(Stored entries)

___

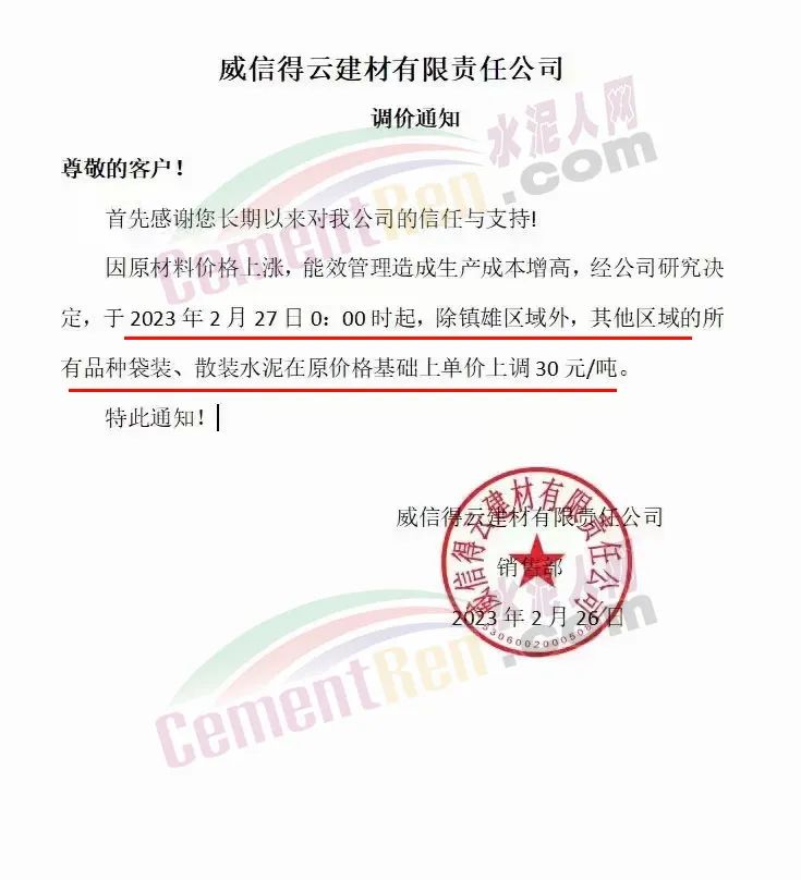 威信得云建材有限責任公司通知,因原材料價格上漲,能效管理造成生產(chǎn)成本增高,經(jīng)公司研究決定,于2023年2月27日0時起,除鎮(zhèn)雄區(qū)域外,其他區(qū)域的所有品種袋裝、散裝水泥在原價格基礎上上調(diào)30元/噸。
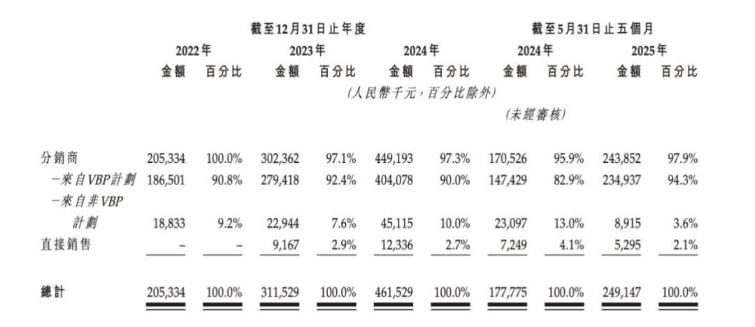 分销是海西新药最主要的销售渠道。2024年,分销商销售金额为4.49亿元,占海西新药销售总额的比重为97.3%。其中,来自VBP计划的销售金额为4.04亿元,占海西新药销售总额的比重为90%。所售药品进入国家药品集中带量采购名单对于海西新药极为重要。海西新药表示,如果相应产品被剔除出VBP名录或其他政府资助的医保计划,公司的业务、运营业绩及财务状况可能会受到不利影响。
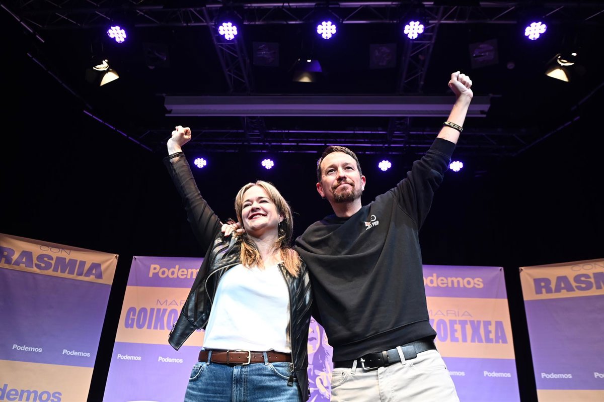 La candidata de Podemos-Alianza Verde a la Presidencia del Gobierno de Aragón, María Goikoechea, y el exvicepresidente del Gobierno, Pablo Iglesias, durante un mitin celebrado en Zaragoza. - Ramón Comet - Europa Press
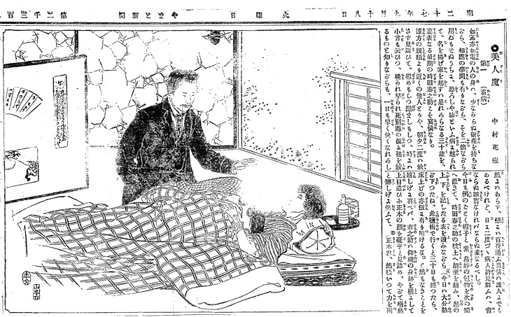 | 身装画像コード | D4ga:[学生・生徒(男子中学生以上)] D1hi:[ひげ] D6se:[洋装;西洋化;西洋観;ハイカラ;西洋かぶれ;開化ぶり;西洋憧憬] D4by:[病人;けが人;障害のある人] Jhu:[ふとん・ベッドに横たわる;寝道具] Vyo:[夜着;夜具;掻巻] |
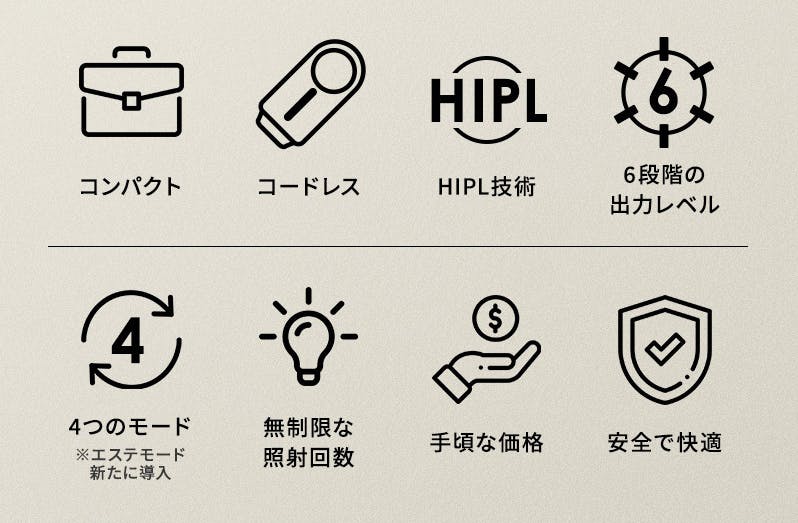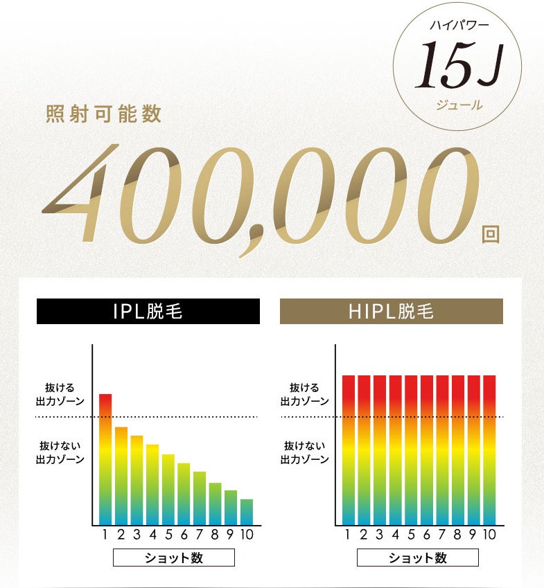 従来のIPL技術と比べ、サロン級HIPLパルス技術は周波が一定な効果を保たれ、使い続けることで段々と効果が落ちることはありません。長く効果的に続けられるアイテムになっています。また、ムダ毛ケアと美肌に効果のある2つの周波数帯を利用し、不用な周波数帯をフィルタリングすることで、使用するたびに大きな効果を感じることができます。
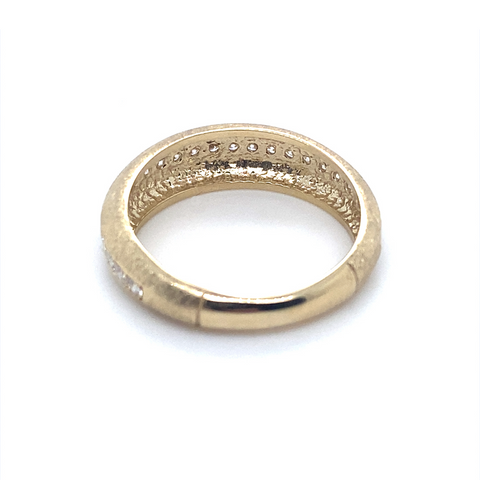 Experience pure elegance with our exquisite 14kt gold dress ring. It's chic crazed matte finish and delicate row of round brilliant cut diamonds (0.39ct total weight) running across the perfect...

___

[INSTRUCTIONS FOR THE TASK] Every line above is to be written out unchanged, with the pictures omitted.

[SOLUTION BELOW]
 威信得云建材有限責任公司通知,因原材料價格上漲,能效管理造成生產(chǎn)成本增高,經(jīng)公司研究決定,于2023年2月27日0時起,除鎮(zhèn)雄區(qū)域外,其他區(qū)域的所有品種袋裝、散裝水泥在原價格基礎上上調(diào)30元/噸。
 分销是海西新药最主要的销售渠道。2024年,分销商销售金额为4.49亿元,占海西新药销售总额的比重为97.3%。其中,来自VBP计划的销售金额为4.04亿元,占海西新药销售总额的比重为90%。所售药品进入国家药品集中带量采购名单对于海西新药极为重要。海西新药表示,如果相应产品被剔除出VBP名录或其他政府资助的医保计划,公司的业务、运营业绩及财务状况可能会受到不利影响。
 La candidata de Podemos-Alianza Verde a la Presidencia del Gobierno de Aragón, María Goikoechea, y el exvicepresidente del Gobierno, Pablo Iglesias, durante un mitin celebrado en Zaragoza. - Ramón Comet - Europa Press
 | 身装画像コード | D4ga:[学生・生徒(男子中学生以上)] D1hi:[ひげ] D6se:[洋装;西洋化;西洋観;ハイカラ;西洋かぶれ;開化ぶり;西洋憧憬] D4by:[病人;けが人;障害のある人] Jhu:[ふとん・ベッドに横たわる;寝道具] Vyo:[夜着;夜具;掻巻] |
 従来のIPL技術と比べ、サロン級HIPLパルス技術は周波が一定な効果を保たれ、使い続けることで段々と効果が落ちることはありません。長く効果的に続けられるアイテムになっています。また、ムダ毛ケアと美肌に効果のある2つの周波数帯を利用し、不用な周波数帯をフィルタリングすることで、使用するたびに大きな効果を感じることができます。
 Experience pure elegance with our exquisite 14kt gold dress ring. It's chic crazed matte finish and delicate row of round brilliant cut diamonds (0.39ct total weight) running across the perfect...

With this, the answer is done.